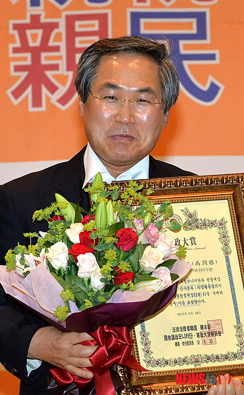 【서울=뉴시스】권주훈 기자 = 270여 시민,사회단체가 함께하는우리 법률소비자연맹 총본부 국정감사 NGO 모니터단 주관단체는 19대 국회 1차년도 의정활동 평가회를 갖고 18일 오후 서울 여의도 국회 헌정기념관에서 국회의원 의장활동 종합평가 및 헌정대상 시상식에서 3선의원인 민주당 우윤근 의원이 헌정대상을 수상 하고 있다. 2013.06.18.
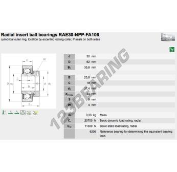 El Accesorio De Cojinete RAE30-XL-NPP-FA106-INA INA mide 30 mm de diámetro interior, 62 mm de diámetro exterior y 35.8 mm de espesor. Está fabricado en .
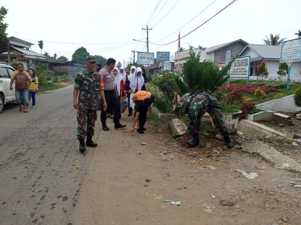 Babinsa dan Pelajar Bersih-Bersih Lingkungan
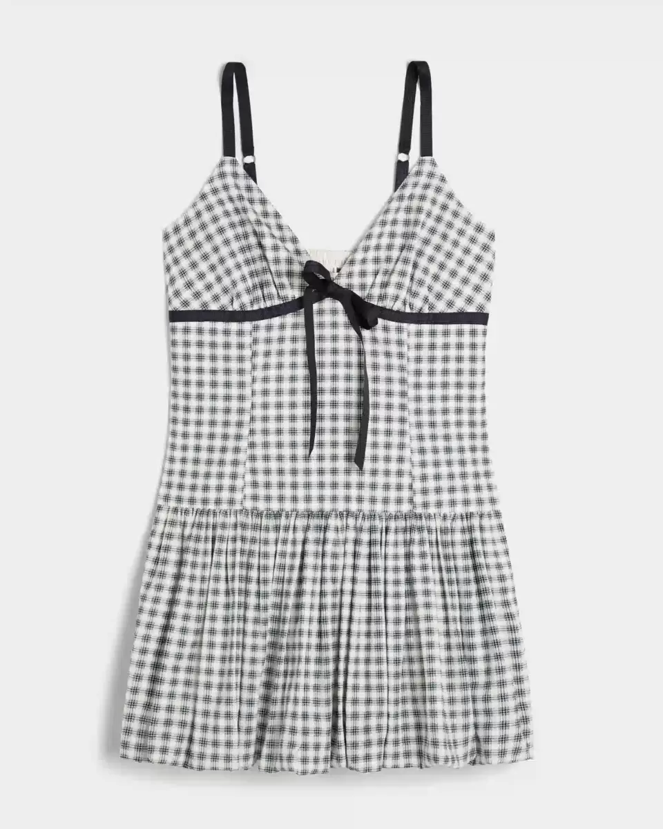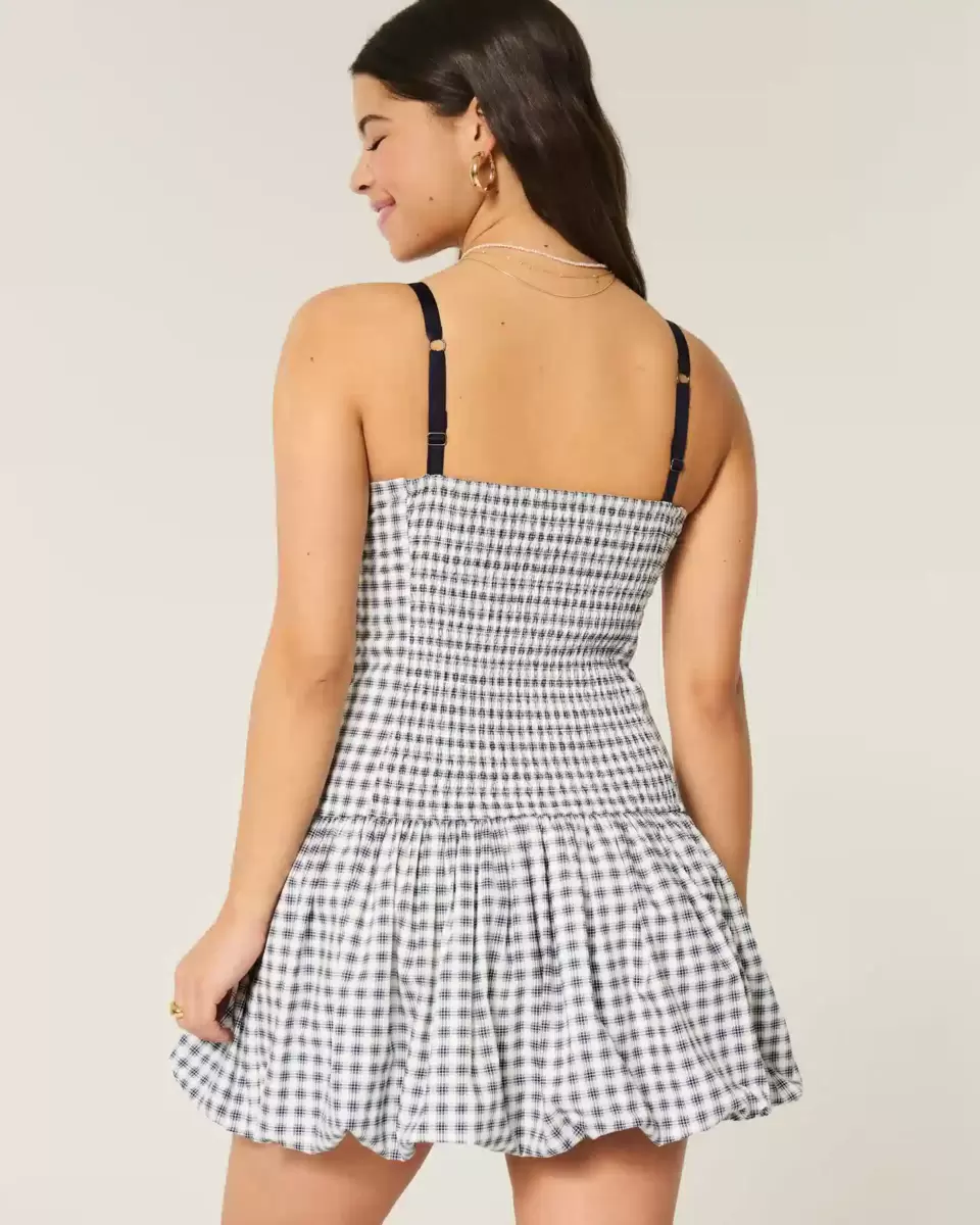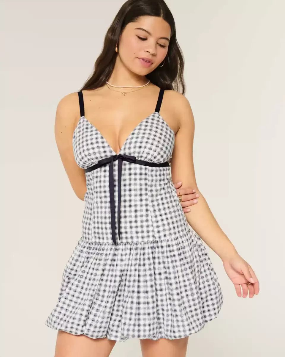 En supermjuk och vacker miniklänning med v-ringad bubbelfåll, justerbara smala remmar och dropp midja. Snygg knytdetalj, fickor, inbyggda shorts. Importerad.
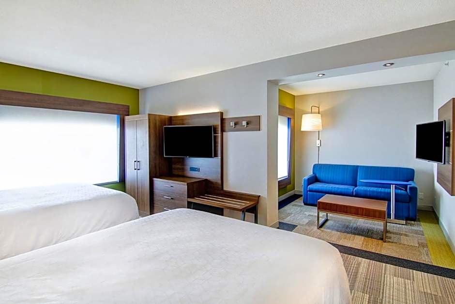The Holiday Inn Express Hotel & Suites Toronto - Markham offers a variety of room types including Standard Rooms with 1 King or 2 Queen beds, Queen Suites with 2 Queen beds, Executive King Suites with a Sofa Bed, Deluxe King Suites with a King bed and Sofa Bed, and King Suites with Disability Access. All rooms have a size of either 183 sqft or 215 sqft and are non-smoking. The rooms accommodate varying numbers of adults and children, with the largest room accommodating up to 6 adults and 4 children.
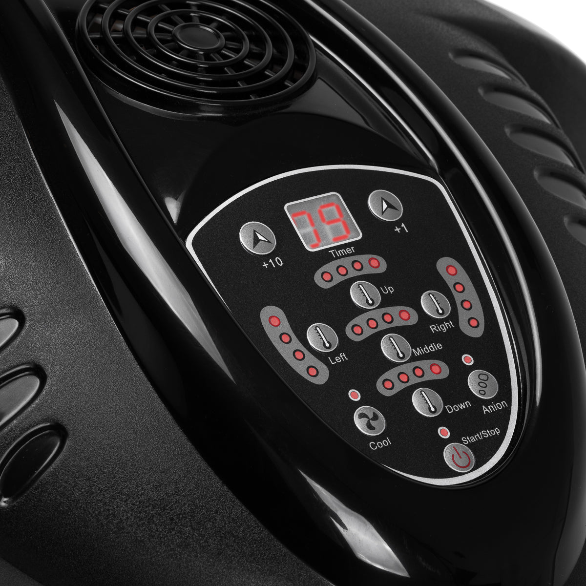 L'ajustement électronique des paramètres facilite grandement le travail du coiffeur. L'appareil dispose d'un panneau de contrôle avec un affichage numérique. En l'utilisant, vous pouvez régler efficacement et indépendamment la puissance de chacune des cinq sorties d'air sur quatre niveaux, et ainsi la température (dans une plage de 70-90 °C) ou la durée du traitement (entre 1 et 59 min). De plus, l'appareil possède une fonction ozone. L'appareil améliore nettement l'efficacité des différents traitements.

...

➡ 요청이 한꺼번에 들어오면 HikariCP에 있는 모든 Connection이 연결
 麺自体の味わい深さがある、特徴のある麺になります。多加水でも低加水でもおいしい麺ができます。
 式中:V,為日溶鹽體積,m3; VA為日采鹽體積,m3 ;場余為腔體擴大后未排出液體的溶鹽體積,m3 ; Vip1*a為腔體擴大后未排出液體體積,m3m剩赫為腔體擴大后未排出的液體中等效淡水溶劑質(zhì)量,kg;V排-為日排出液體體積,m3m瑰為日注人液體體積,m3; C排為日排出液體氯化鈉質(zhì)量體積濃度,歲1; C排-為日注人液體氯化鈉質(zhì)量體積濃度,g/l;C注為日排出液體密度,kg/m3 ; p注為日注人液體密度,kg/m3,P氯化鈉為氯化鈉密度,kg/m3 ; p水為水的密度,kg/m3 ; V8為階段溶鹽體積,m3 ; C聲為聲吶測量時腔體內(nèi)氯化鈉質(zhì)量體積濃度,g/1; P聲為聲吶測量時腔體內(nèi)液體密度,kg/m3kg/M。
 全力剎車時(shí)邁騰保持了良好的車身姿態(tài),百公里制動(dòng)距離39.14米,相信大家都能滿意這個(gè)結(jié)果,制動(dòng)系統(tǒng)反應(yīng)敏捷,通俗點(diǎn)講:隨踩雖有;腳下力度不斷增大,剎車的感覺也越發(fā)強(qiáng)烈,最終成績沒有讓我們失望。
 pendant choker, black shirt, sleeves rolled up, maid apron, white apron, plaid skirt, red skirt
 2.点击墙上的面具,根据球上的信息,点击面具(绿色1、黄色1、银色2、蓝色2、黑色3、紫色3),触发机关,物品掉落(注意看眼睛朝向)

* * *

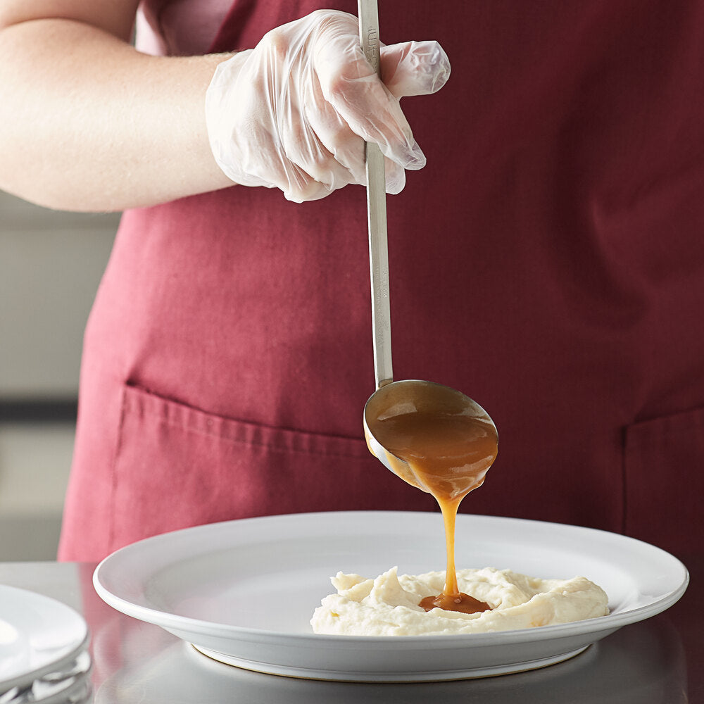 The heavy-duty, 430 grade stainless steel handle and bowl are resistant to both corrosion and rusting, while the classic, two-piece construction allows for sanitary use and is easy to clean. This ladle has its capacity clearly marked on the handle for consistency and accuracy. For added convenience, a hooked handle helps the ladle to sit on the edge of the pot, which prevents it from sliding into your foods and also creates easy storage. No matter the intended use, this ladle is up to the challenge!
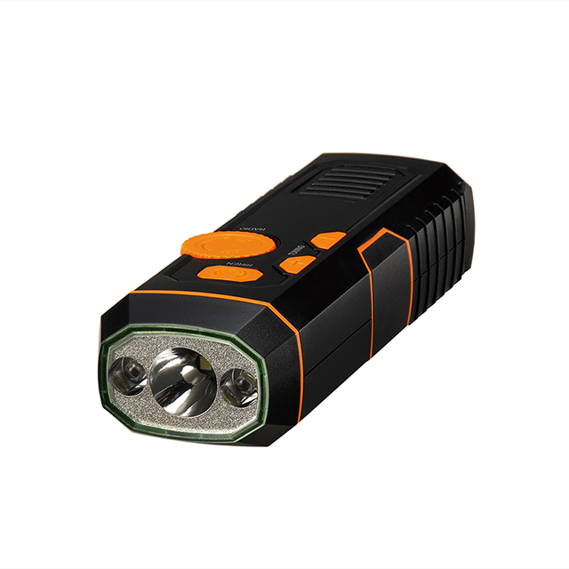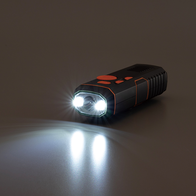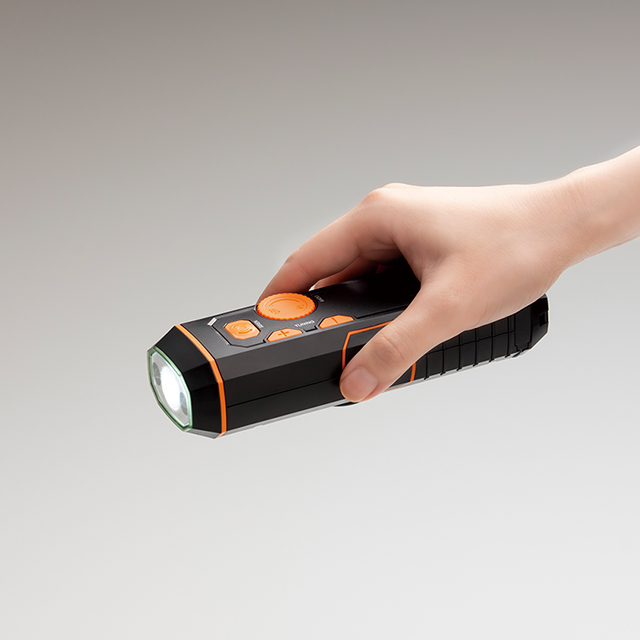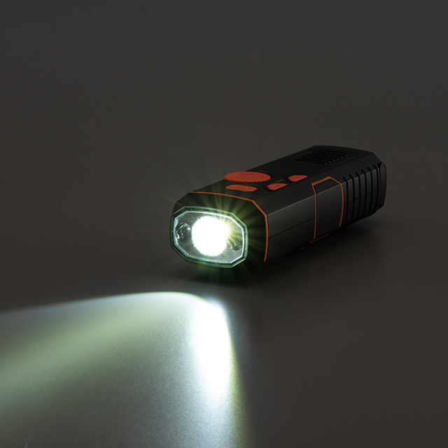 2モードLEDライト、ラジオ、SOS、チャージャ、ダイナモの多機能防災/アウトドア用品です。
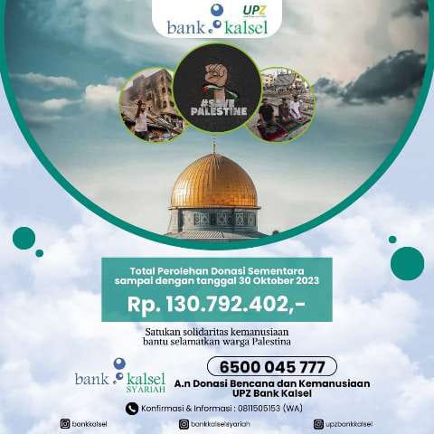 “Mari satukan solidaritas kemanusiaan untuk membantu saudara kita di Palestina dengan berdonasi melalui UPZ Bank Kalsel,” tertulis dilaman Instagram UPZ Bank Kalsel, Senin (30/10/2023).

Problem details →
Every line above from the line with "全力剎車時(shí)邁騰保持" to the line with "2.点击墙上的面具,根据球上", both included, must be reproduced exactly, and no other line may appear.

Result →
 全力剎車時(shí)邁騰保持了良好的車身姿態(tài),百公里制動(dòng)距離39.14米,相信大家都能滿意這個(gè)結(jié)果,制動(dòng)系統(tǒng)反應(yīng)敏捷,通俗點(diǎn)講:隨踩雖有;腳下力度不斷增大,剎車的感覺也越發(fā)強(qiáng)烈,最終成績沒有讓我們失望。
 pendant choker, black shirt, sleeves rolled up, maid apron, white apron, plaid skirt, red skirt
 2.点击墙上的面具,根据球上的信息,点击面具(绿色1、黄色1、银色2、蓝色2、黑色3、紫色3),触发机关,物品掉落(注意看眼睛朝向)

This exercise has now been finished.